Start of PROVIDED DATA

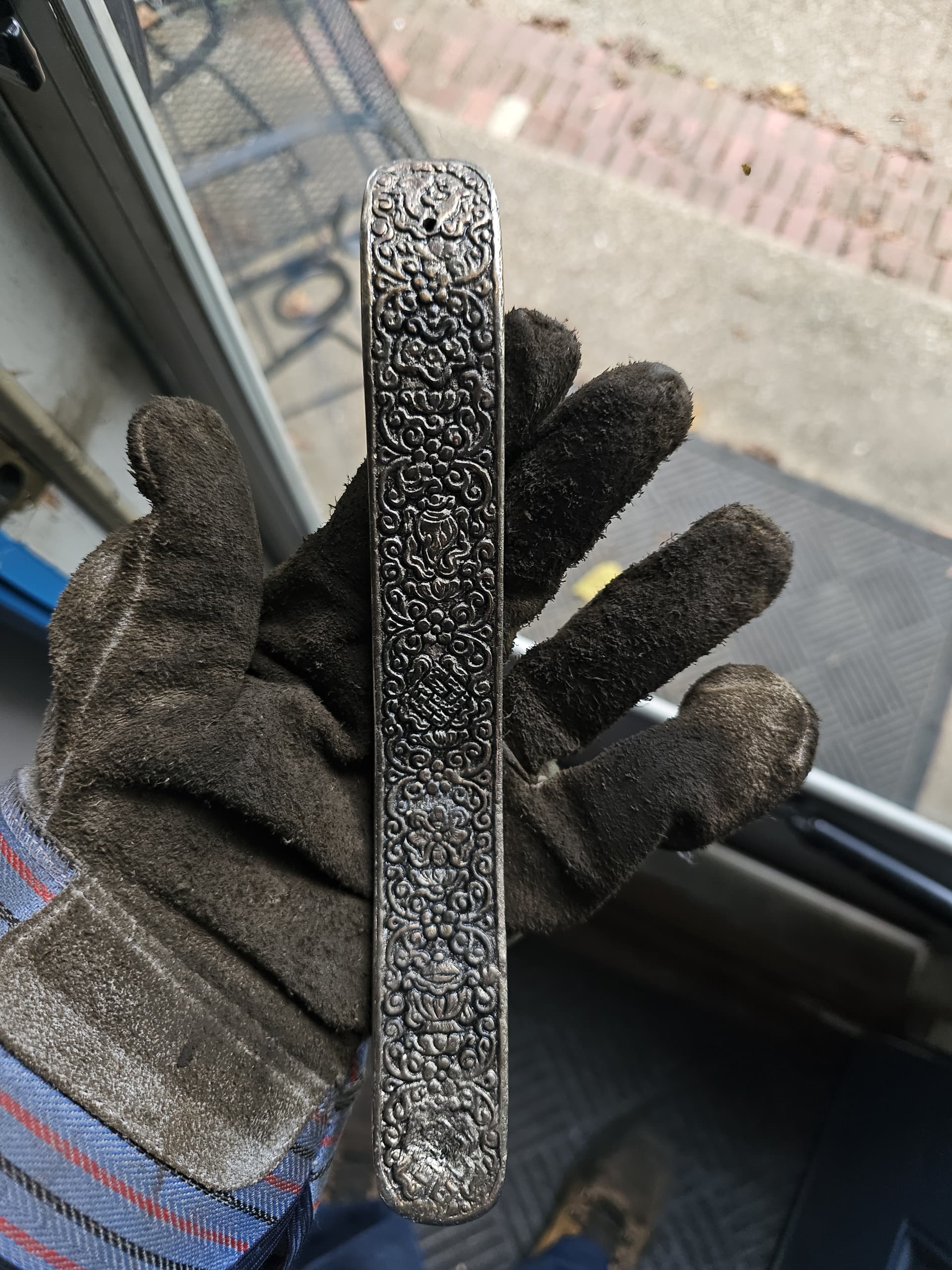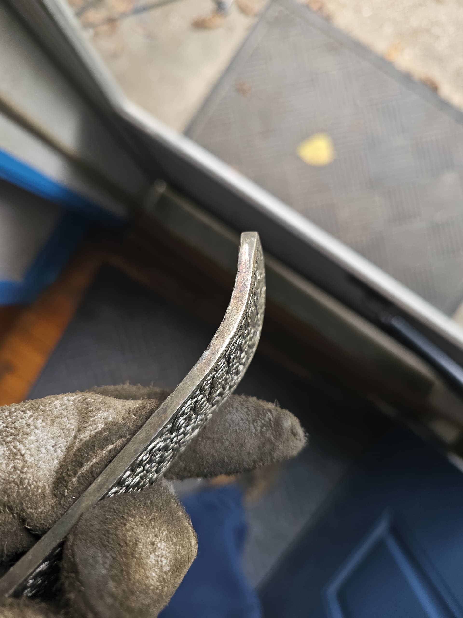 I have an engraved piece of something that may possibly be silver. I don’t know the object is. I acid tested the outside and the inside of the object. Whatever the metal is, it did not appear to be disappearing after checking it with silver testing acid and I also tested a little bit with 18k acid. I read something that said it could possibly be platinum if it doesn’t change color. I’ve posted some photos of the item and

End of PROVIDED DATA
Start of PROVIDED DATA

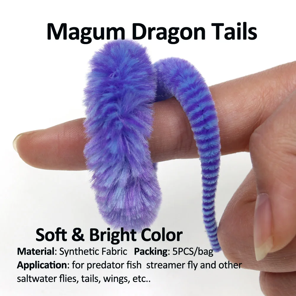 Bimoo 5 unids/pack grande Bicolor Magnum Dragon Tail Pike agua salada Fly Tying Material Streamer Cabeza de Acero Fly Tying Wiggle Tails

End of PROVIDED DATA
Start of PROVIDED DATA

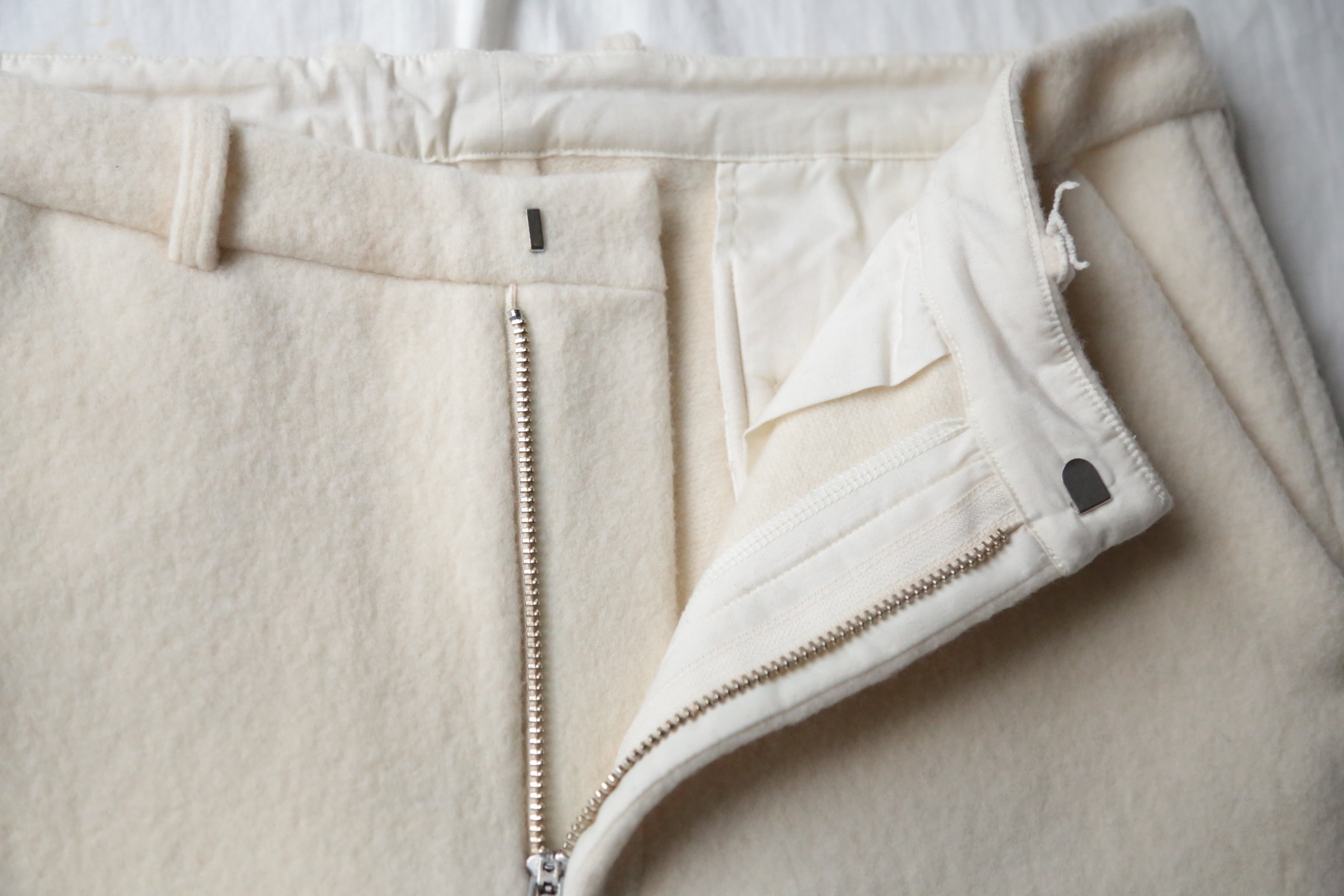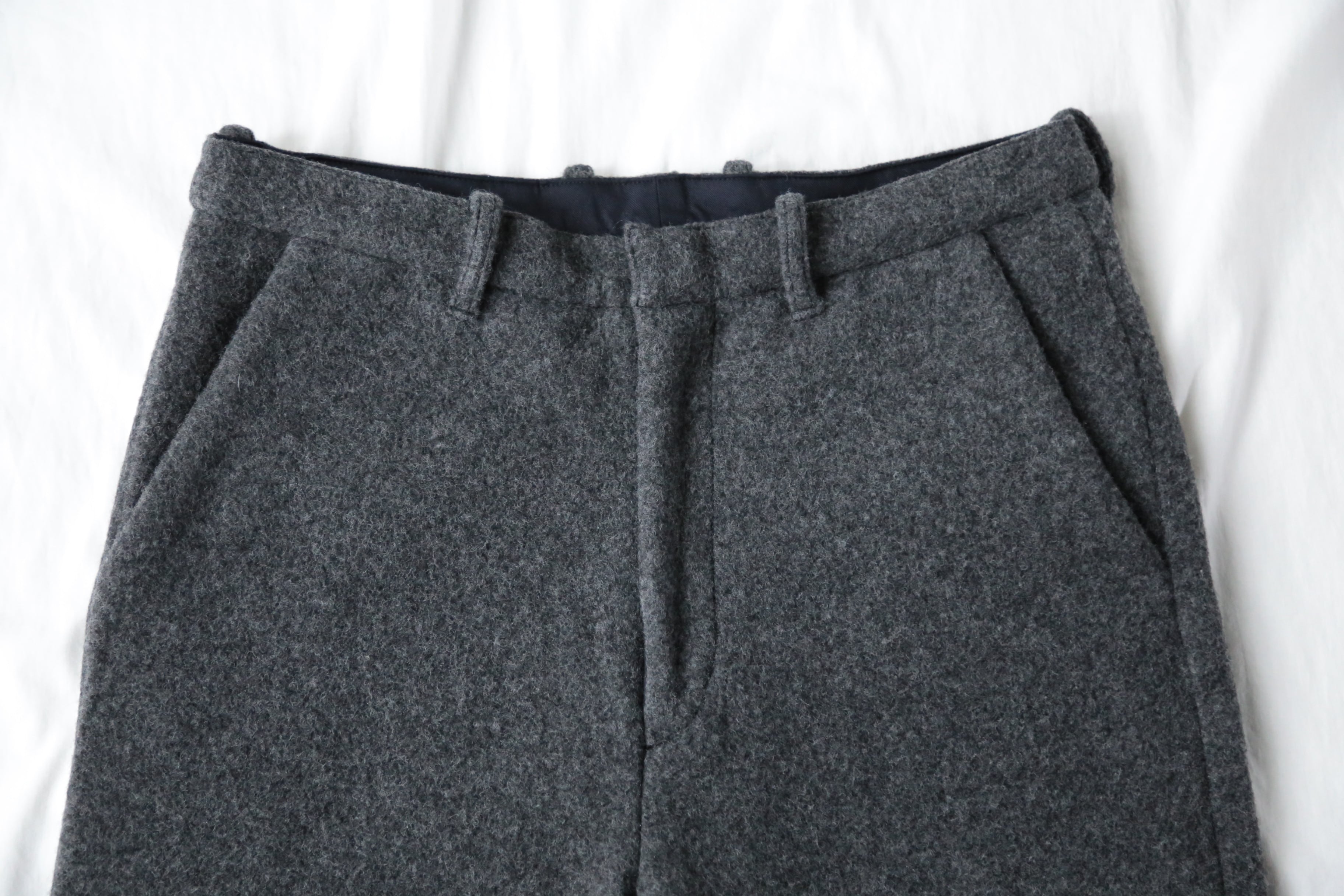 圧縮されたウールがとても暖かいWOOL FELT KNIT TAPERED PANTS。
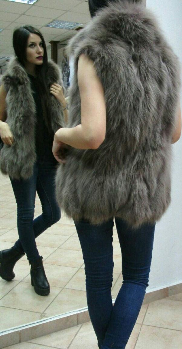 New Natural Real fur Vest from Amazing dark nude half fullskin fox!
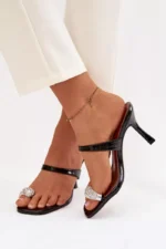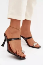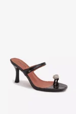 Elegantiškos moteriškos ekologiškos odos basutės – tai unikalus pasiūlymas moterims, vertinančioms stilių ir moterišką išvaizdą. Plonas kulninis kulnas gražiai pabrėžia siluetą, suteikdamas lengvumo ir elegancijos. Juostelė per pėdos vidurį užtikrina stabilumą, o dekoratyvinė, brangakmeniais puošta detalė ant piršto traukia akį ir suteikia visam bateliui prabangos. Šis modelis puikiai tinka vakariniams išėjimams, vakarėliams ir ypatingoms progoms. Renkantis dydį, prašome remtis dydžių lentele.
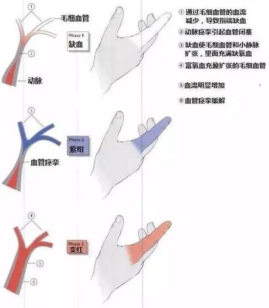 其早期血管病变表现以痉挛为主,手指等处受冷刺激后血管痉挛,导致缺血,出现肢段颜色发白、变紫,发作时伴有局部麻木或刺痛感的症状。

End of PROVIDED DATA

- **WHAT TO WORK ON**:
All that is wanted is the lines above between the one containing "圧縮されたウールがとても暖かいWOOL FELT KNIT TAPERED PANTS。" and the one containing "其早期血管病变表现以痉挛为主", inclusive, restated word for word, with pictures omitted.

- **ANSWER SECTION**:
 圧縮されたウールがとても暖かいWOOL FELT KNIT TAPERED PANTS。
 New Natural Real fur Vest from Amazing dark nude half fullskin fox!
 Elegantiškos moteriškos ekologiškos odos basutės – tai unikalus pasiūlymas moterims, vertinančioms stilių ir moterišką išvaizdą. Plonas kulninis kulnas gražiai pabrėžia siluetą, suteikdamas lengvumo ir elegancijos. Juostelė per pėdos vidurį užtikrina stabilumą, o dekoratyvinė, brangakmeniais puošta detalė ant piršto traukia akį ir suteikia visam bateliui prabangos. Šis modelis puikiai tinka vakariniams išėjimams, vakarėliams ir ypatingoms progoms. Renkantis dydį, prašome remtis dydžių lentele.
 其早期血管病变表现以痉挛为主,手指等处受冷刺激后血管痉挛,导致缺血,出现肢段颜色发白、变紫,发作时伴有局部麻木或刺痛感的症状。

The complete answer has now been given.